Brilliant! One hand washes the other. The BOE selects students for special education based on racism, then they pass them along to these hospitals to conduct racist experiments on them; the hospitals in turn show they are "in fact defective," justifying cutting school budgets and putting more racist police in the schools to "control," jail, or kill them
This process of cooperation--the Nazis called it co-ordination--among different ruling class run institutions is a hallmark of the fascist period we are in. These "partnerships" are the ruling class's way to concentrate their forces.
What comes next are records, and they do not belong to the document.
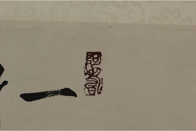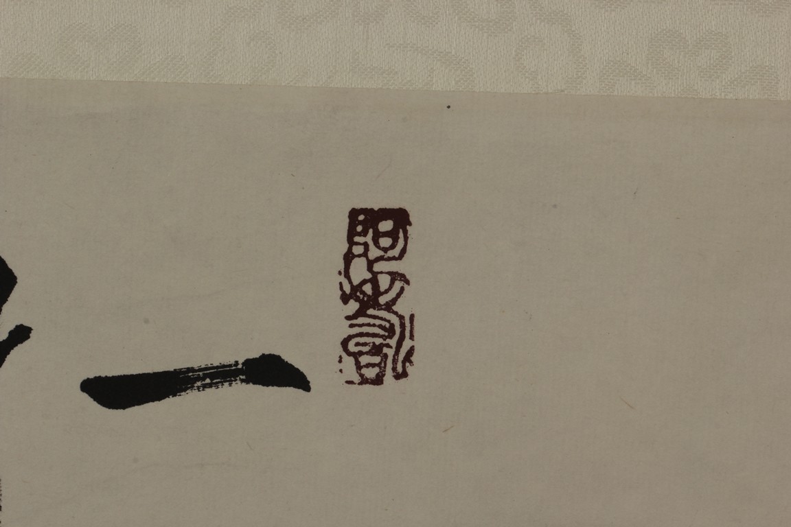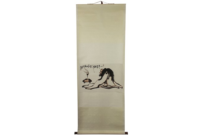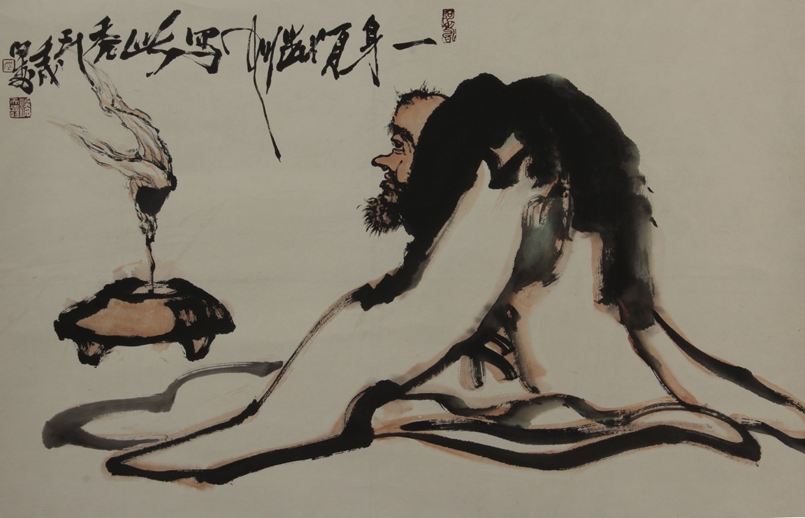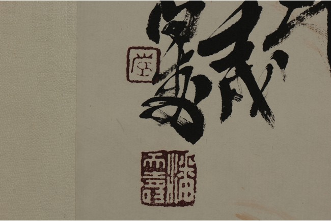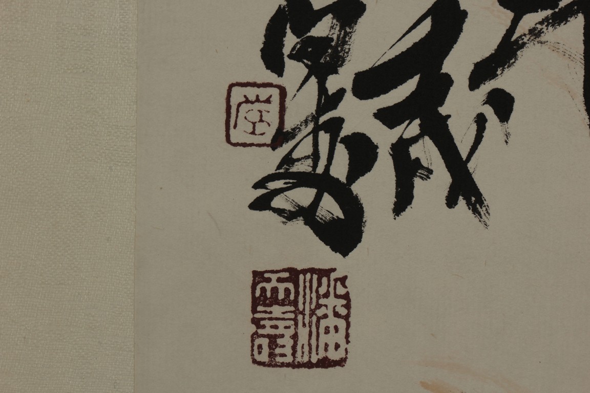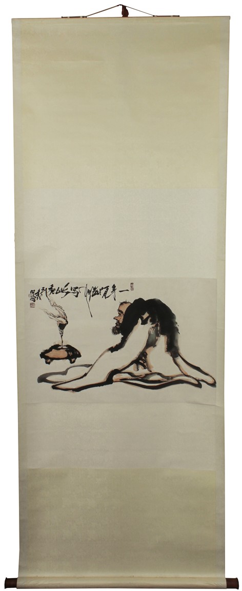 Ink and color on paper painting, hanging scroll. Painting depicts a seated Bodhidharma, facing away, with a censer in front of him. Artist signature and mark 'Pan Tianshou' on top.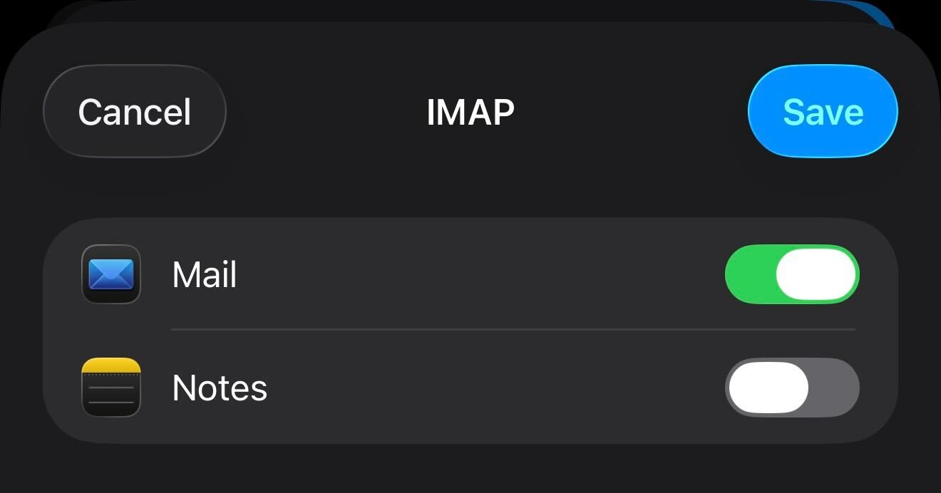 8. After the verification process is completed you'll be taken to the screen where you can toggle on/off Mail and Notes for syncing. Unfortunately Zoho Mail does not support notes syncing so the recommendation would be to toggle notes sync off. Once you have Mail toggled on and Notes toggled off, tap save in the top right corner.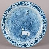 古染付けの中でも人気が高い吹き墨の兎の小皿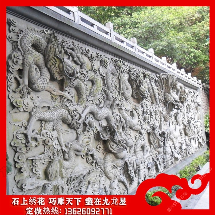 發(fā)布信息: 寺廟浮雕九龍壁 寺廟青石照壁墻圖片價(jià)格——九龍星石業(yè)。 寺院石雕照壁由來(lái)的還有很多說(shuō)法,除了故事和傳說(shuō),有一些說(shuō)法源于風(fēng)水,認(rèn)為照壁是中國(guó)受風(fēng)水意識(shí)影響而產(chǎn)生的一種具有特色的建筑形式,稱“影壁”或“屏風(fēng)墻”。風(fēng)水講究導(dǎo)氣,氣不能直沖廳堂或臥室,否則不吉。 寺院石雕照壁的九龍壁上面的九龍, 中間有正龍,兩邊有升龍, 、降龍之分, 每條龍都翻騰自如, 神態(tài)各異。 從青石影壁墻雕刻三段式整體角度看,整體尺度的協(xié)調(diào)、均衡及各組成部分的裝飾,都使其作為單獨(dú)空間起點(diǎn)的較好道景觀,因浮雕照壁與大門有較大關(guān)系,作為對(duì)外的門面,其裝飾處理是傳統(tǒng)建筑中其它一般墻體所無(wú)可比擬的。 寺院石雕照壁一種常見的裝飾性建筑,在住宅區(qū)或者是商業(yè)建筑上都比較常見。石材雕刻成的影壁一般來(lái)說(shuō)有一定的使用年限,因?yàn)樵谟晁惋L(fēng)力的侵蝕下它的形象會(huì)受到一定的影響。如果想要石雕影壁能夠長(zhǎng)久保持良好的色澤和形象,那么就要注意日常的保養(yǎng)。

In the midst of their economic crisis and their need to protect their profits, this "cooperation" allows them to do two thing: force the working class to follow their fascist rules, via increase security and cops, and to create deceitful explanations to convince teachers and other workers that they Must resort to these fascist measures "for your own safety."
The fight among teachers over if we should follow these plans is intensifying. The union itself is in the middle of a campaign to "make schools sager." They are working hard to convince teachers that they must beware of "violence-prone students." They support police running school security (with a few cosmetic changes which serve their needs). The union is our enemy too! They are another ruling class institution which "cooperates" with the fascists. In this period teachers are going to be forced more and more to choose sides. Are we going to "cooperate" with the fascists, or are we going to fight them? And if we choose to fight them, what will we fight for? Fascism is right under our noses.